Cluster Iteration Analysis
Cluster Iteration Analysis summarizes the iteration performance analysis data in the training cluster scenario, including the information on the summary page and detailed data of each iteration.
MindStudio does not support data collection in the cluster scenario. You can use Merge Reports to import the parent directory of PROF_XXX to display the collected profile data.
Summary Page
When you access Cluster Analysis for the first time, the summary page is displayed, on which a maximum of 10 groups of data can be included in a bar chart.
The summary page is divided into areas 1 to 4. For details about the fields, see Table 1, Table 2, Table 3, and Table 4.
- When Type is set to Iteration ID, Step Trace (iteration trace data) and Collective Communication (collective communication data) are displayed. When Type is set to Rank ID, only Step Trace is displayed.
- If you click a bar chart in the Step Trace area on the summary page, the detailed iteration data page corresponding to the iteration ID or rank ID will be prompted.

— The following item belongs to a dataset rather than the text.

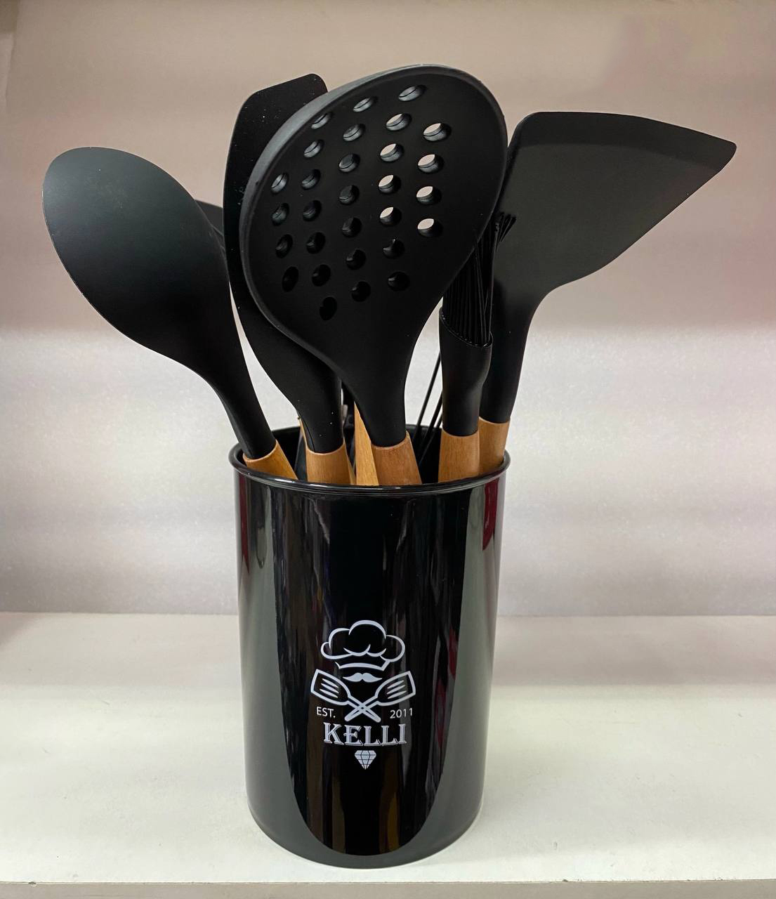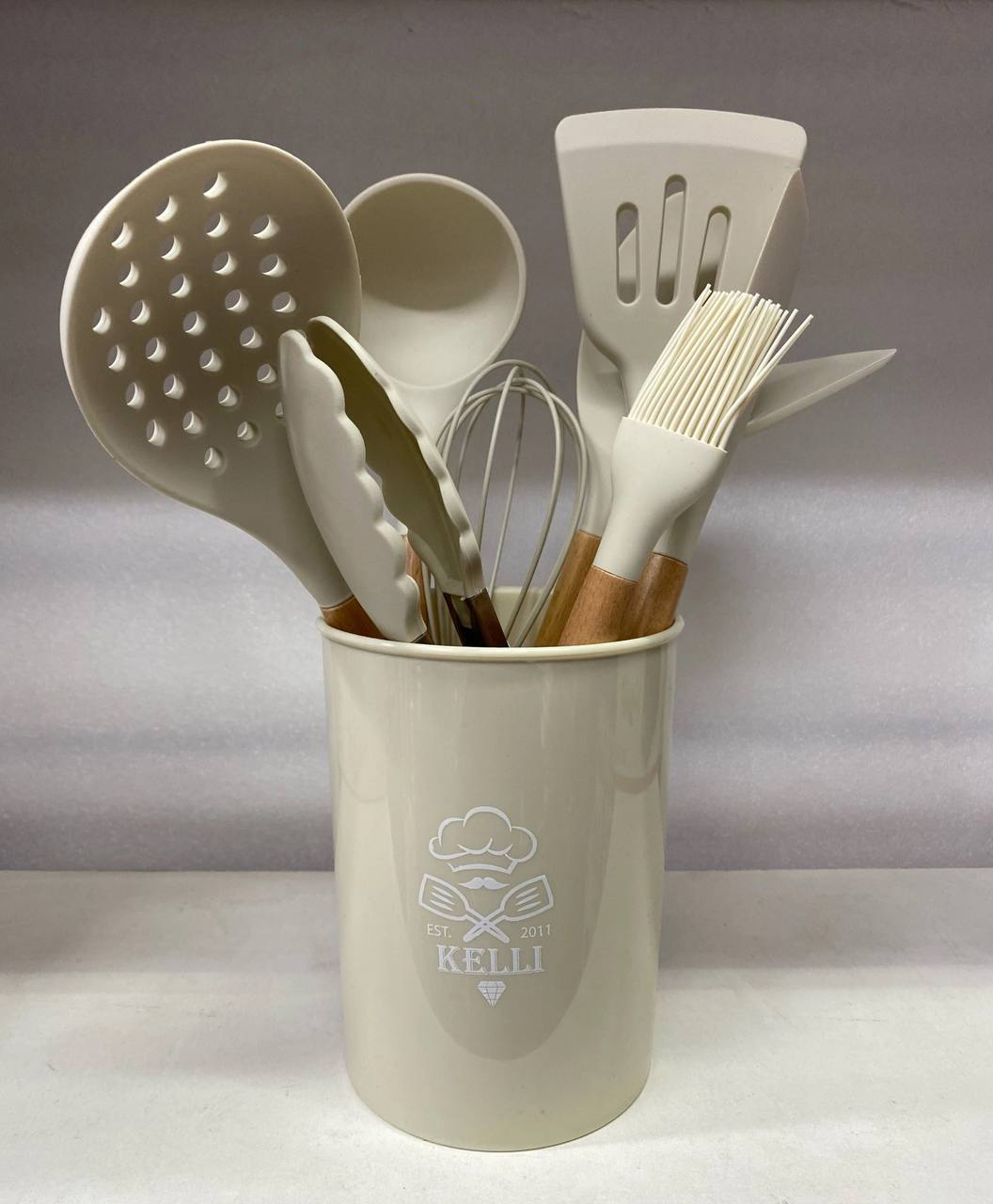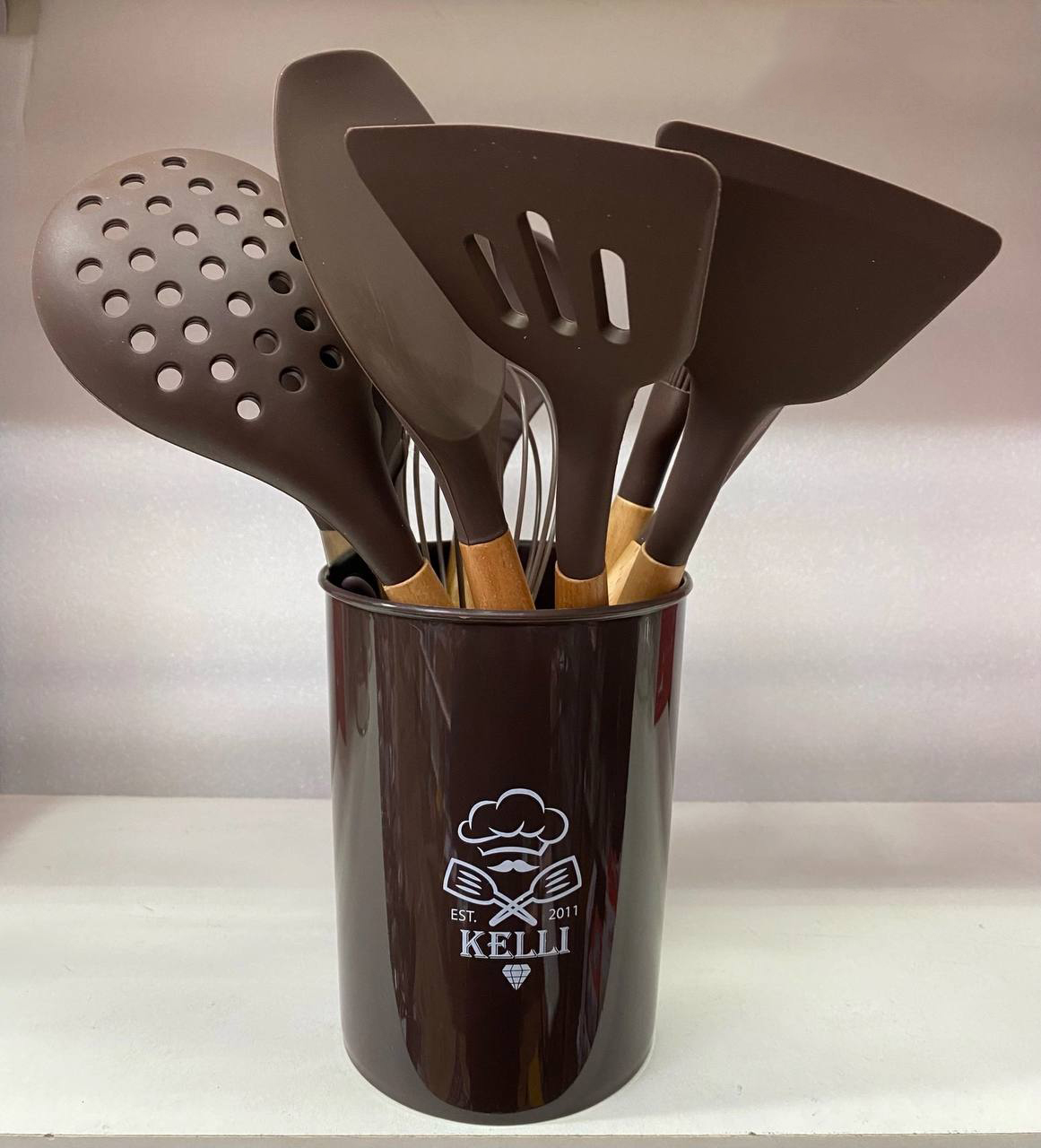 Набор силиконовых кухонных принадлежностей бренда состоит из 11 предметов, включая стакан для хранения. Набор лопаток для кухни изготовлен из экологически чистых материалов - бамбука и пищевого силикона. Пищевой силикон обладает антипригарным покрытием, которое не оставляет царапин и повреждений на поверхности посуды и выдерживает температуру до +230 С. Эта силиконовая посуда для приготовления пищи не гнется, не ржавеет, не впитывает цвета или запахи. На кухонные принадлежности из силикона не налипает пища и их очень легко мыть в проточной воде.

- The horizontal and vertical coordinates of the bar chart are described as follows:
- When Type is set to Iteration ID, the horizontal coordinates sort the iteration traces of all cluster nodes by total duration in descending order from left to right by default (collective communication data is sorted by communication time in descending order). If you click a column name in a table in area 2 or 4, the bar chart sorts the column values. The vertical coordinates are durations.
- When Type is set to Rank ID, the horizontal coordinates sort all iteration traces of the current cluster node by total duration in descending order from left to right by default. If you click a column name in a table in area 2, the bar chart sorts the column values. The vertical coordinates are iteration durations.
|
Field |
Description |
|---|---|
|
Type |
Data display mode:
|
|
Iteration ID |
Iteration ID, used for querying the iteration data of all devices in a specified iteration. |
|
Rank ID |
Rank ID, used for querying all iteration data of a specified node. |
|
Model ID |
Model ID, used for querying the iteration data of a specified model in a specified iteration or on a specified node. |
|
Apply |
Data export button. After you select an iteration ID/rank ID and a model ID, and click this button, the Cluster Iteration Analysis report of the corresponding node is exported. |
|
Step Trace |
Iteration trace data. |
|
Bar Chart |
Use the bar chart to display the iteration duration data. If this parameter is selected, FP to BP time, Iteration Refresh, and Iteration Interval are displayed in the bar chart in parallel. |
|
Stack Chart |
Use the stack chart to display the iteration duration data. If this parameter is selected, FP to BP time, Iteration Refresh, and Iteration Interval are displayed in a bar chart in stack mode. |
|
Top |
You can set the Top N value to display top N data records with the longest iteration durations. The value ranges from 1 to 200. The default value is 10. |
|
Field |
Description |
|---|---|
|
Iteration ID |
Iteration ID. |
|
Rank ID |
Rank ID. |
|
FP to BP time(us) |
FP/BP elapsed time (= BP End – FP Start). The unit is μs. |
|
Iteration Refresh(us) |
Iteration refresh hangover time (= Iteration End – BP End). The unit is μs. |
|
Iteration Interval(us) |
Iteration interval. The unit is μs. |
|
Total Time(us) |
Total iteration duration. |
Detailed Iteration Data Page
Area 1:
For details about timeline data, see Timeline View.
Area 2:
Operator Statistics: operator statistics.
|
Field |
Description |
|---|---|
|
Model Name |
Model name. It may be left empty if no related data is collected. |
|
OP Type |
Operator type. |
|
Core Type |
Core type. |
|
Count |
Number of calls to an operator. |
|
Total Time(us) |
Time taken by the calls to an operator (μs). |
|
Min Time(us) |
Minimum time required for calling an operator (μs) |
|
Avg Time(us) |
Average time required for calling an operator (μs) |
|
Max Time(us) |
Maximum time required for calling an operator (μs) |
|
Total Time Ratio(%) |
Percentage of duration of the operator calls in the model. |
Area 3:
Computing Workload: operator computing workload.
The pie chart is not associated with the table on the right. It is drawn based on the proportion of each operator type in the OP Type column in the table. This pie chart is displayed only when Profiling collects data in task-based mode. The fields displayed are related to the AI Core collection type. For details about the fields, see AI Core Metrics View.